Roads will be slightly more crowded this Memorial Day weekend and people will be paying a little extra to travel on them, according to a recent study.
The Automobile Club of Southern California estimates 4.2 million Californians will travel more than 50 miles this holiday weekend — a 1.5 percent increase from a year ago.
Of those leaving home, more than 3.5 million will drive — a 1.6 percent increase despite higher gasoline prices.
Another 390,000 are expected to fly, which is a decrease of 5.2 percent despite the fact that air fares are down 7 percent compared to a year ago.
An estimated 265,000 will travel by other means, including train, bus and boat. That's a 1.9 percent increase.
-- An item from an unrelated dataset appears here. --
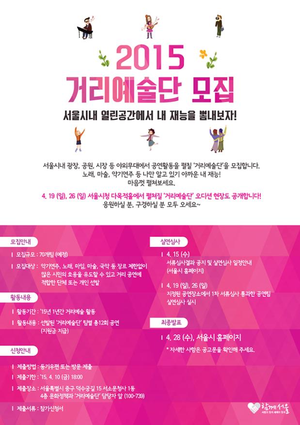 시는 노래, 악기연주, 마술, 마임, 국악 등 거리예술 공연을 선보일 ‘거리예술단’도 공개오디션으로 선발, 서울 곳곳의 거리예술존에서 12차례 공연을 선보이도록 하고 시가 실비차원의 경비를 지원한다.
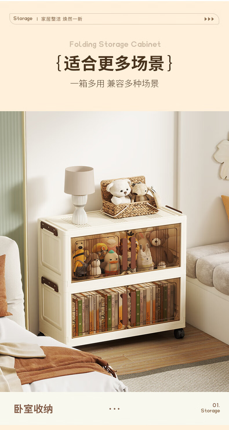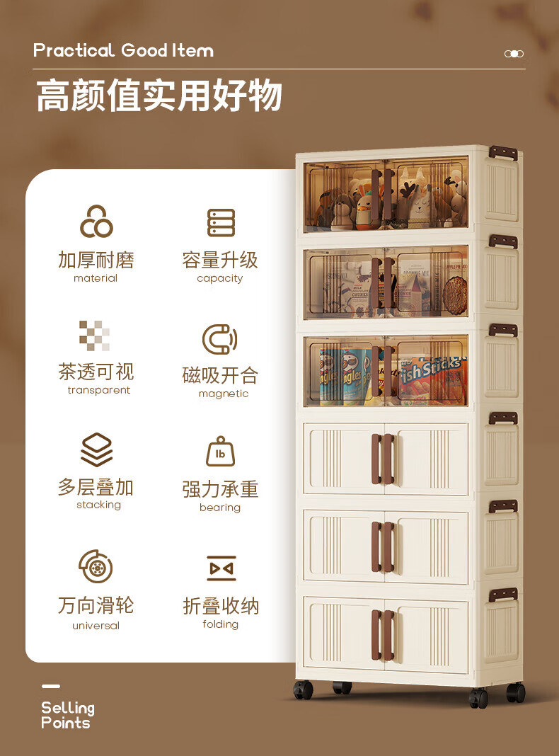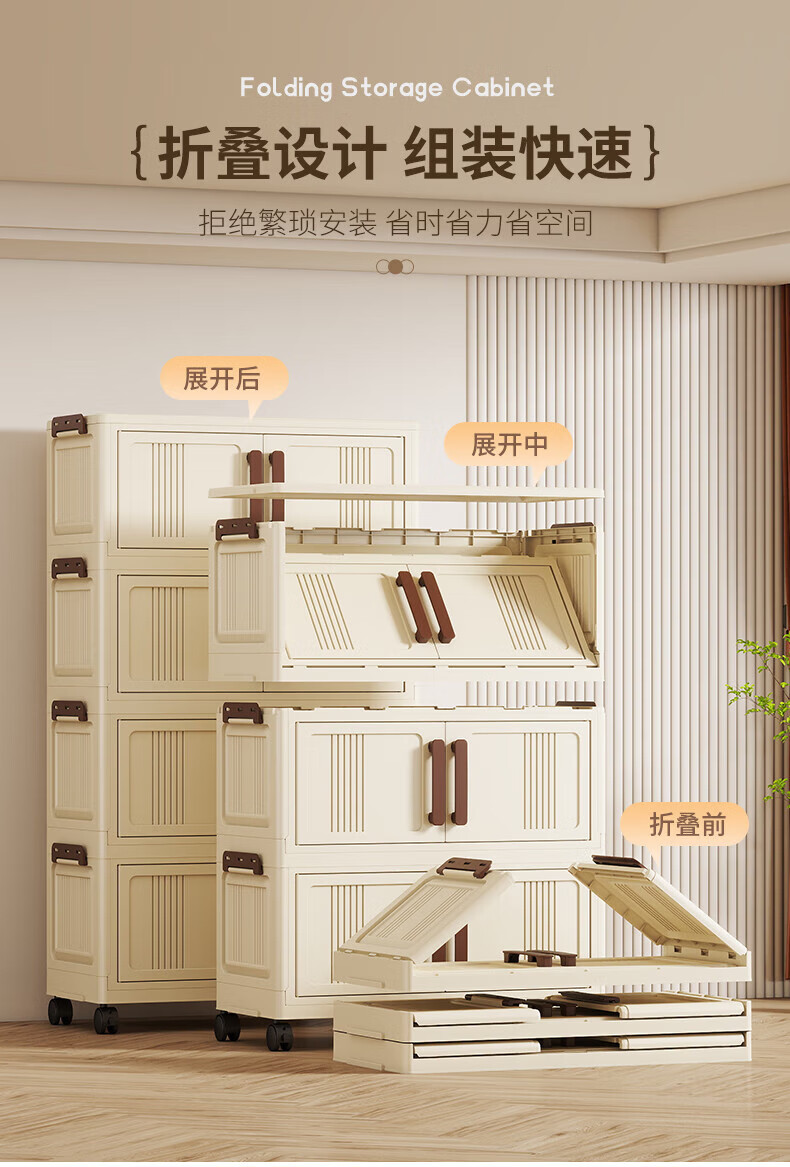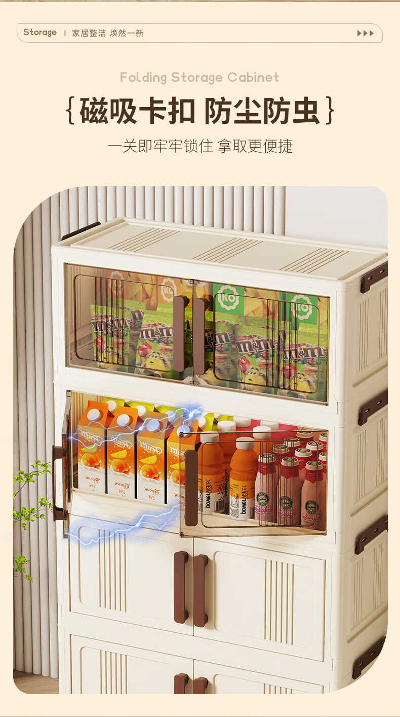 纳份爱家用收纳柜客厅折叠储物柜零食杂物柜子衣物收纳箱多层床头储物柜 50面宽【奶白色】 5层 【超值推荐】热销爆款

Auto Club officials estimate the average road trip will be 750 miles long. A family of four is expected to pay an average of $800 for their weekend journey.
“Gas prices are fortunately decreasing by a penny a day or more right now, but we’re not yet seeing any stations with prices under $4 a gallon as was the case earlier this month,” said Auto Club spokesperson Jeffrey Spring. “Even though prices are higher than they’ve ever been for this holiday, we are seeing more activity for travel than during the recession years of 2008 and 2009.”
Hotel costs are up 8 percent from a year ago. Gas prices are also higher.
In the Los Angeles-Long Beach area, the average price as of May 24 is $4.332 per gallon, which is 7.3 cents less than last week, 13 cents higher than last month, and 21 cents higher than last year.
In San Diego, the price is $4.315, 5.4 cents below last week, 11 cents above last month, and 24 cents higher than last year.
On the Central Coast, the average price is $4.369, down 5.1 cents from last week, 11 cents higher than a month ago, and 20 cents above last year.
In the Inland Empire, the average per gallon price is $4.311, down 5.9 cents from last week, 12 cents higher than last month, and 23 cents more than last year.